The manuscript found some early critics upon arriving in Chicago. Robert P. Casey "voiced his suspicion in 1947". In 1988 Mary V. Orna found that one of the illustrations contained Prussian blue (KFe[Fe(CN)_{6}]), produced since 1704 only. This did not resolve the question of authenticity, however, as it was "conceivable that the illuminations could have been retouched in a naïve attempt at restoration."

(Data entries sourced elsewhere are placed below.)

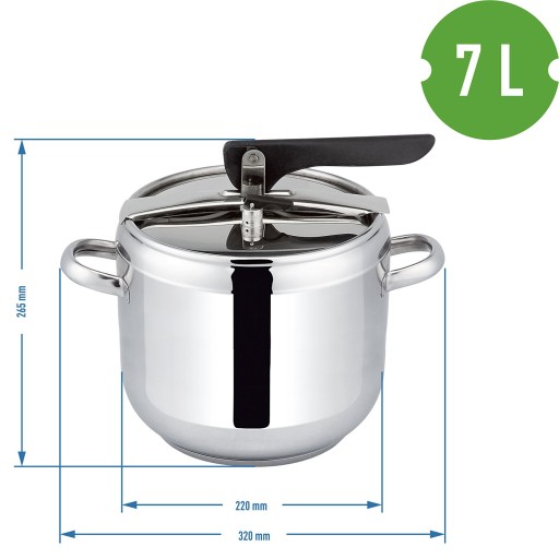 Proste i bezproblemowe gotowanie - szybkowar o pojemności 7 L pozwoli Ci w łatwy i szybki sposób przygotować ulubione dania w zdrowszych wersjach! Wysoka jakość - szybkowar wykonany jest z wysokiej jakości stali nierdzewnej i nadaje się do kuchenek gazowych, elektrycznych, ceramicznych oraz indukcji
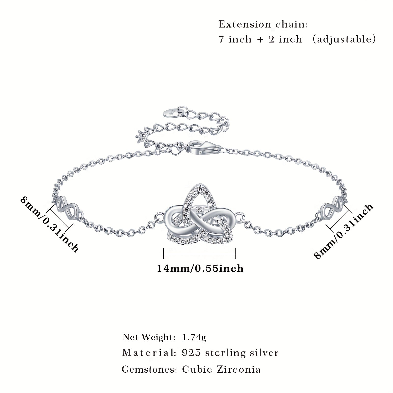 925 Silver Celtic Bracelet with Infinity Symbol & CZ Knot Anklet Jewelry Gift
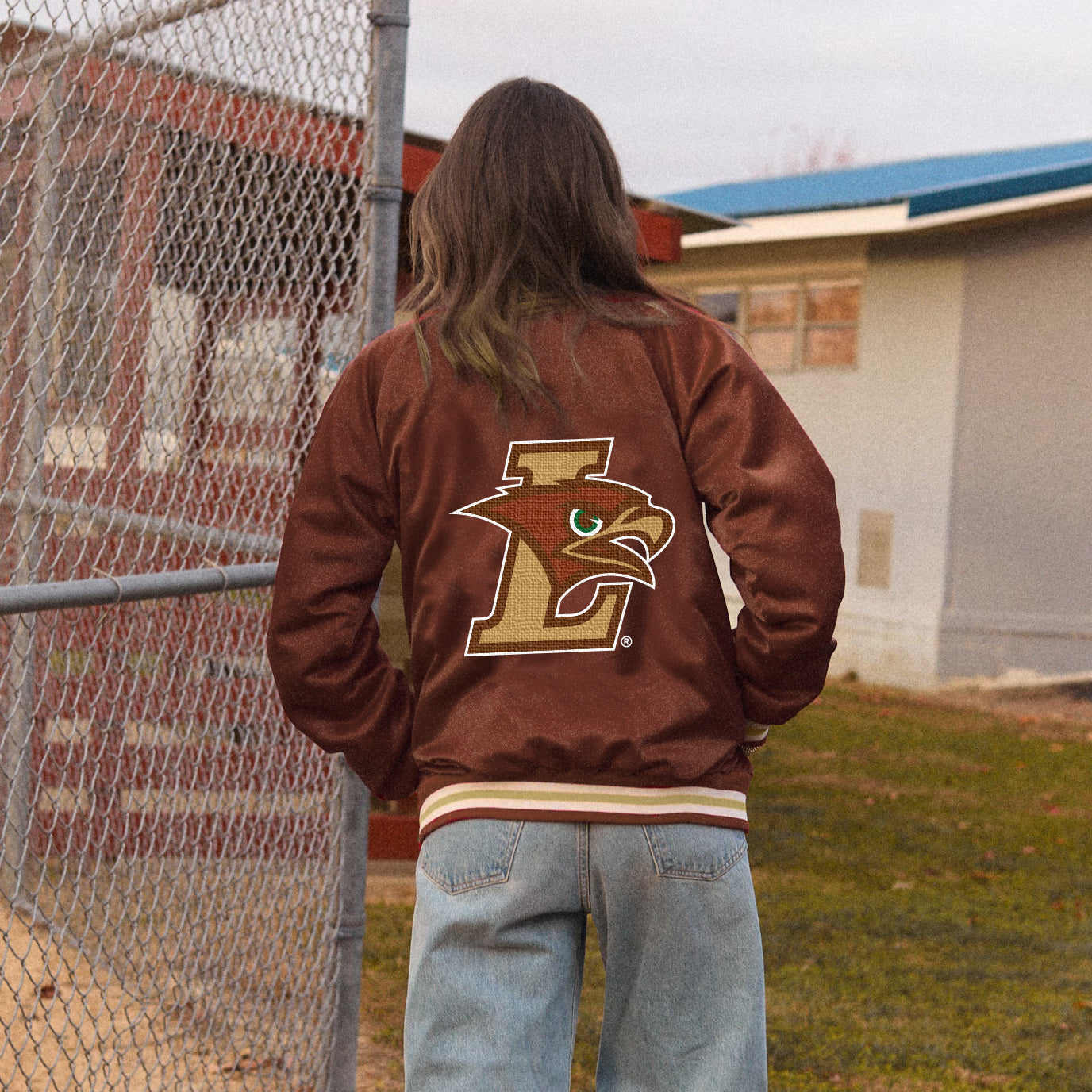 This iconic Lehigh satin bomber jacket with embroidered twill patches on the front and back is the perfect gift for him or her! Treat yourself to this one of a kind satin jacket that will be a closet staple for years to come.
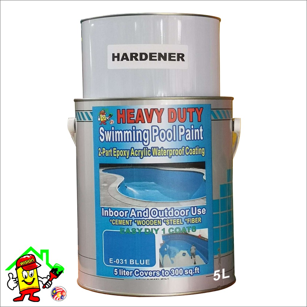 ( 5L ) SWIMMING POOL PAINT 2 PART EPOXY ACRYLIC WATERPROOF COATING INDOOR AND OUTDOOR USE HEAVY DUTY
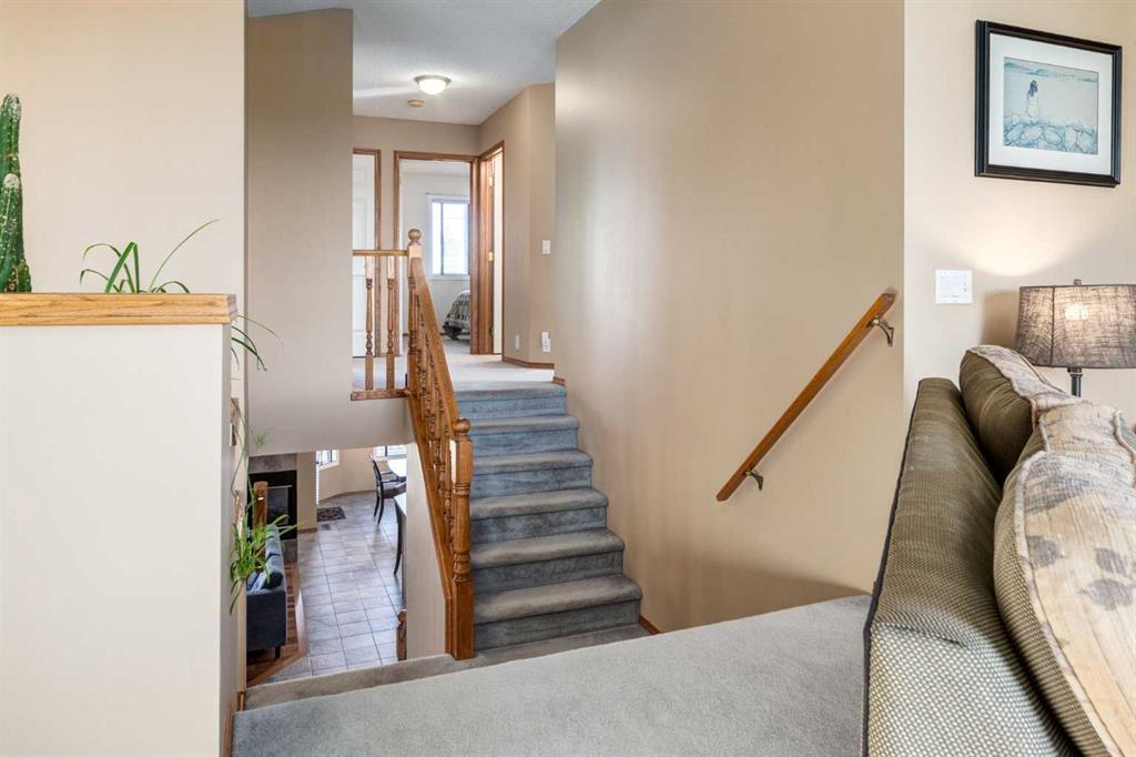 INCREDIBLE LOCATION and beautifully updated, this Somerset home is sure to impress! Step out your back door onto the walking path leading to the Somerset school and ball diamond as well as the Somerset Park with splash park, playground and tennis/basketball courts. You will love the modern curb appeal with mature landscaping and inside offers 2,828 SF of developed living space with ample room for a growing family. The main floor greets you with a large foyer leading to the bright and open main floor featuring tile and hardwood flooring, an abundance of natural light and a well-equipped kitchen with ample cabinetry, stainless steel appliances, a corner pantry and island with breakfast bar. The dining area provides access to the deck with backyard views and a 3 way fireplace is shared with the family room. A den with french door access, conveniently located laundry room and a 2-piece bathroom complete this space. Upstairs, the vaulted bonus room, with a corner gas fireplace, is a perfect space for movie night or watching the big game! The generously scaled master bedroom comes complete with a walk-in closet and spa-like 4-piece ensuite with dual sink vanity and a glass encased walk-in shower. Two additional bedrooms which share a 4 piece bathroom are also found on this level. The walk-out basement is finished with family room with wet bar, a 3-piece bathroom, ample storage and gives access to the stunning backyard with expansive patio making this an ideal space for summer gatherings. Don't overlook the central AC for those hot summer days. Nearby you will find the LRT, bus stops, public library, YMCA and an array of shopping and amenities along with easy access to Stoney Trail and other main arteries. This home is a MUST SEE!
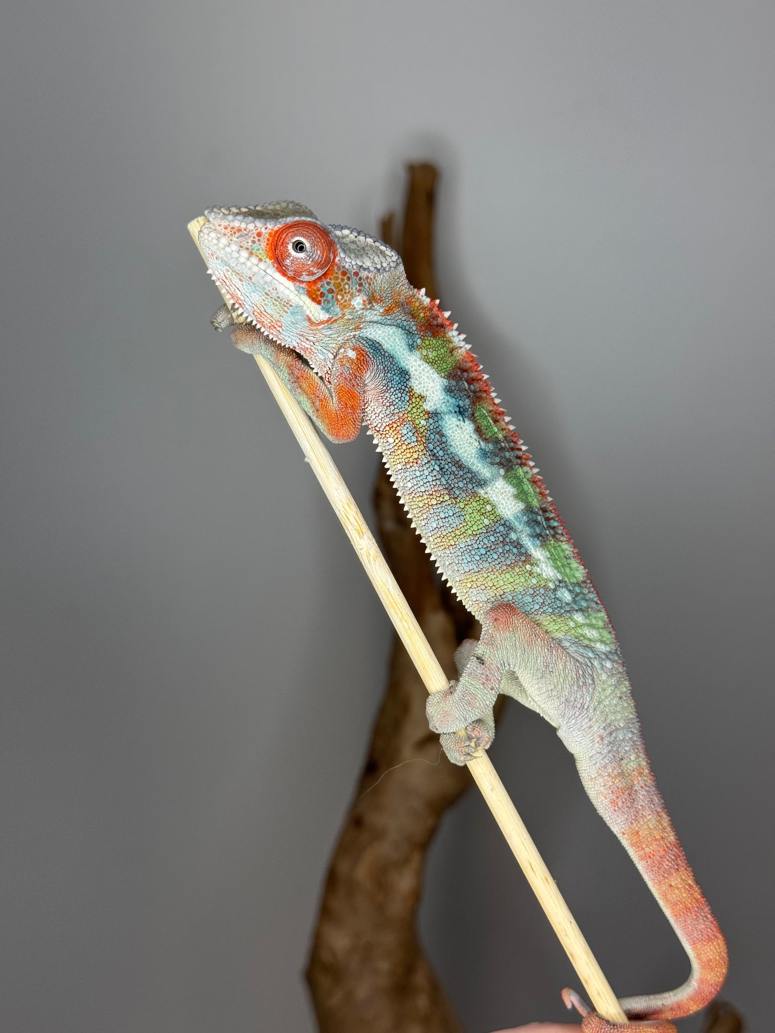 Male Ambilobe Panther Chameleon from Flash Jr. x Aslan line showing bright reds and blues

In early 2006 the University of Chicago announced that digital images of the manuscript had appeared online in an effort to "foster further research." By February Stephen Carlson had announced his findings that the codex was a forgery, and proved his case beyond a doubt at the 2006 Annual Meeting of the Society of Biblical Literature. Its text has been copied from Philipp Buttmann's 1860 Greek New Testament edition (based on Cardinal Mai's edition of Codex Vaticanus Graecus 1209). This is especially obvious since the forger also followed Buttmann in 81 out of 85 places where his edition departed from the Codex Vaticanus text. Furthermore, in three places the copyist of 2427 had accidentally omitted a line (6:2, 8:12, 14:14), and it transpired that in each verse the omitted text corresponds exactly to the lineation of Buttmann's edition.

Furthermore, microscopic, chemical and codicological testing eventually proved in 2009 that the manuscript had been made in 1874 at the earliest.

What made the text a forgery was that it was carefully manufactured in the style of a medieval codex, when it was in fact a very recent creation, no older than the late 19th century. What originally made scholars so suspicious was that it was textually the closest known manuscript – in fact, virtually identical – to Codex Vaticanus, but of a much later date. Furthermore, Greek codices of a single gospel are extremely unusual, further contributing to the suspicion that it was made as a souvenir.